Work life and mommyhood having settled in, there was a desperation in needing to prove to myself that I haven't completely lost my old identifier. We were going abroad!
Back in the day, I never felt more at home than when I was in a hostel. Hostels are breeding grounds for growth and new experiences ... and lice. You are forced out of your comfort zone at every moment, and I loved it. Sure, the bathroom is coed and the shower stalls not only don't have curtains but also are located directly behind the sinks. And yes, that guy staring at you through the mirror does seem to be brushing his teeth for a preposterously long time.
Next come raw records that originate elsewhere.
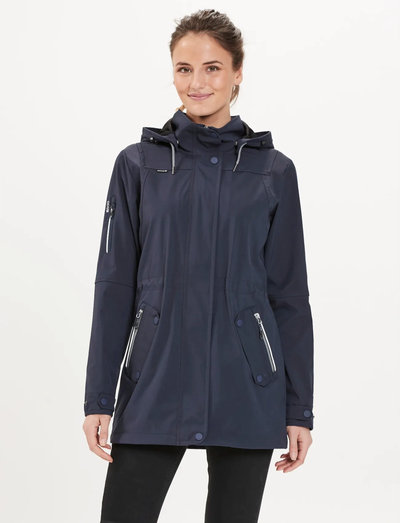 OutdoorDenne lange softshelljakke i parkastil er ideel til overgangsperioder og regnvejrsdage, og har et sporty skandinavisk design. Dens 3-lags system med en TUP-membran sikrer åndbarhed, temperaturregulering og beskyttelse mod vand og vind. Med en vandøjle på 8.000 mm holdes vådt vejr ude. En høj, tætsluttende stand-up krave, justerbar hætte med skygge og et langt snit giver øget beskyttelse mod elementerne. Justerbare ærmer med velcro, to sidelommer med lynlås og en YKK-lynlås i høj kvalitet fuldender denne alsidige outdoor-parka.
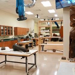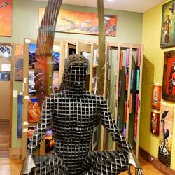 Natürlich kann man auch Instrumente auch ausprobieren und eine Werkstatt zum Restaurieren fehlt auch nicht.
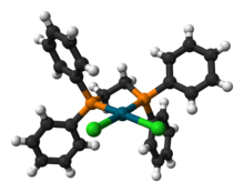 The bite angle of a diphosphine ligand also indicates the distortion from the ideal geometry of a complex based on VSEPR models. Octahedral and square planar complexes prefer angles near 90° while tetrahedral complexes prefer angles near 110°. Since catalysts often interconvert between various geometries, the rigidity of the chelate ring can be decisive.[8] A bidentate phosphine with a natural bite angle of 120° may preferentially occupy two equatorial sites in a trigonal bipyramidal complex whereas a bidentate phosphine with a natural bite angle of 90° may preferentially occupy apical-equatorial positions.[9] Diphosphine ligands with bite angles of over 120° are obtained using a bulky, stiff diphosphine backbones.[8] Diphosphines of wide bite angles are used in some industrial processes.
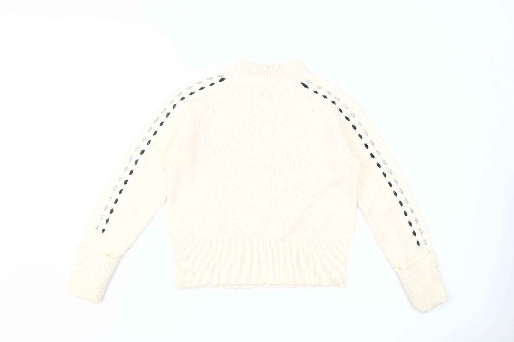 Elevate your winter wardrobe with this exquisite Mint Velvet Women's Ivory Pullover Jumper. Fashioned in a figure-flattering size 8, this elegant high-neck piece combines modern style with everyday comfort. Rendered in a sophisticated ivory hue, this regular fit jumper is perfect for casual occasions, making it a versatile addition to your autumn and winter outfits. The garment is crafted using a durable blend of acrylic, nylon, and wool, delivering warmth and style in equal measure, with a soft knit finish that is gentle against your skin. Featuring long raglan sleeves for a relaxed silhouette, this pullover boasts a high neck which adds a touch of elegance to its design, ideal for layering with your favourite coats and scarves during cooler months. Whether heading to a laid-back gathering or enjoying a cosy day at home, this Mint Velvet pullover jumper offers unparalleled style and comfort. With its simple and chic pattern, this jumper is a timeless piece guaranteed to keep you warm and stylish all season long. Hand wash only to maintain its pristine condition. Don't miss out on this wardrobe essential – buy now to elevate your everyday fashion.

But perhaps he just has bad plaque. Sure, you come back to your room to find your upper bunkmate having sex on your bed rather than her own, but she does have a point that knocking boots on her bed would put her at risk of falling and breaking a leg. Sure, the smelly guy begins talking in his sleep about his plans to systematically murder each person in the shared room, but if he didn't, you would never have the opportunity to pack your bag and see how beautiful the city is at 4 a.m.
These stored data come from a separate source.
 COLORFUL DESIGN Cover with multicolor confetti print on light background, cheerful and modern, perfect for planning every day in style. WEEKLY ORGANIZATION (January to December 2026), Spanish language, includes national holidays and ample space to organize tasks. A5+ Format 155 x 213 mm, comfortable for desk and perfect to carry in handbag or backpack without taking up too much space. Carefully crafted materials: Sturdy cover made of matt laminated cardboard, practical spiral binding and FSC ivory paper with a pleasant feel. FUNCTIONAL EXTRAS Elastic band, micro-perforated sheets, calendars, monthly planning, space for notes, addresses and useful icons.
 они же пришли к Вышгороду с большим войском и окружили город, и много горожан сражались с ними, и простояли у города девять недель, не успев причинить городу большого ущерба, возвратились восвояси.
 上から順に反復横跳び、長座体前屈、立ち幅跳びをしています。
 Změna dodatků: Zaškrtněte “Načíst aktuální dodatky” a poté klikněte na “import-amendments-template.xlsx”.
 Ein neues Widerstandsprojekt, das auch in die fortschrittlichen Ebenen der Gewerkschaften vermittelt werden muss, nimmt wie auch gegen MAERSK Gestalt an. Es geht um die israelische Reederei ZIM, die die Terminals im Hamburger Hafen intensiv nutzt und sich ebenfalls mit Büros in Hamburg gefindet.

I remember turning 26 and realizing that I was now too old to stay in many hostels. As a friend ever so kindly pointed out, "they're called youth hostels for a reason." Not that all hostels were off-limits. There was that family I had met in Peru. And that man in his 50s who had spoken so livingly of his wife and kids for letting him live his dream of backpacking New Zealand for a month after his employer laid him off. And the grandpa I had met in a hostel on a Viking boat who kept saying, "To paraphrase Danny Glover, I'm too old for this ship." I had seen older adults keeping the joy of hosteling alive, and I was determined to age gracefully into one of those people.
My husband was not. He never liked hostels. He never will like hostels. What he does like is me. And in appeasing me over the years, he has given up comfort and showers for bedbugs and drafty rooms.
In an effort to connect with my roots and save money for our trek to the wedding in Germany, I booked hostels. And I learned something pretty shocking. Turns out there is a massive difference between the irritation of being kept awake by strangers snoring, as well as sharing a kitchen with people who steal your food, when you are still a "youth" and what you feel when you are six months pregnant and toting a toddler.
After getting locked out of our hostel and pulling a toddler and my growing belly up four flights of slanting stairs that looked as if they were being held up by two rusted nails and some hair spray — only to arrive once again in a room that had no curtains despite the late-night sun — I felt the glare of my husband's "I told you so" expression from across the room as he put down the stroller and massive suitcase and backpack.
I turned to him and said: "It's official. I'm too old for this ship."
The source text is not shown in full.